The writers of the US Constitution separated the federal govern­ment’s power among three branches — the executive, the legislative, and the judicial.

The executive branch is headed by the President and includes executive departments and independent agencies. As chief executive, the President enforces federal laws, commands the armed forces, and conducts foreign affairs. The people elect the President to a four-year term through the electoral college, but no President can serve more than two terms.

The legislative branch is repre­sented by the Congress, which is made up of two houses — the House of Representatives and the Senate. It also includes various agencies. The legislative branch makes the laws of the nation. Its powers include raising money through taxes, regulating trade between states, and declaring war.

The number of representatives each state sends to the House of Representatives depends on the population of the state.
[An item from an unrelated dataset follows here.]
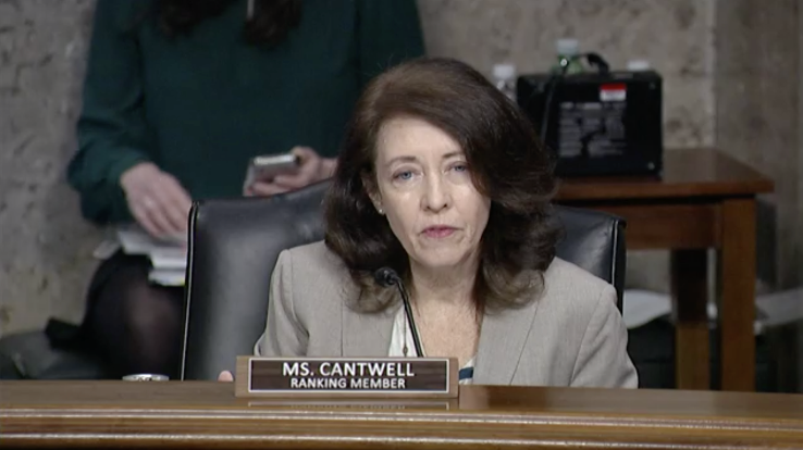 Screenshot of Sen. Maria Cantwell from a Senate Commerce hearing in May 2020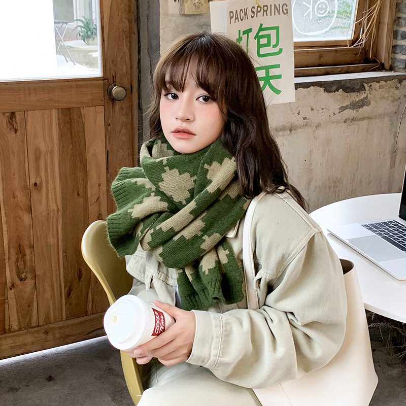 가을과 겨울 새로운 네잎 클로버 니트 울 스카프 긴 따뜻한 목 보호 패션 목도리 학생 커플 올매치 조수스토어 가기

Howe­ver, regardless of its size or population, each state sends just two senators to Congress.

The judicial branch of the United States is a system of courts. The highest court in the land is the Supreme Court of the United States. The nine justices of the Supreme Court interpret the Constitution and hear cases that involve federal laws.

In addition to these specific powers, each branch of government has powers that check or balance the powers of the other two branches. For example, the President can veto bills from Congress and appoint the justices of the Supreme Court. Congress can override presidential vetoes and organize the federal courts. And the Supreme Court can declare executive orders and laws unconstitutional. This system of checks and balances prevents any branch from becoming too powerful.

Each of the 50 states can exercise powers given to the states — or not denied them-by the Constitution. Each state has its own constitution, with an executive branch (headed by a governor), a legislative branch (headed by a state legislature), and a judicial branch (headed by a state supreme court).

Some of the powers exer­cised by the states include the maintenance of law and order, administration of health and welfare services, and the regu­lation of business. The states also have the major responsibility for public education.

Government plays a major role in the US economy. Fede­ral, state, and local governments employ about a fifth of all workers and buy a fifth of all the goods and services produces in the US. The federal government spends part of its budget on social security benefits for Ame­rican people, and both federal and state govern­ments provide medical and welfare aid for the elderly and for the needy.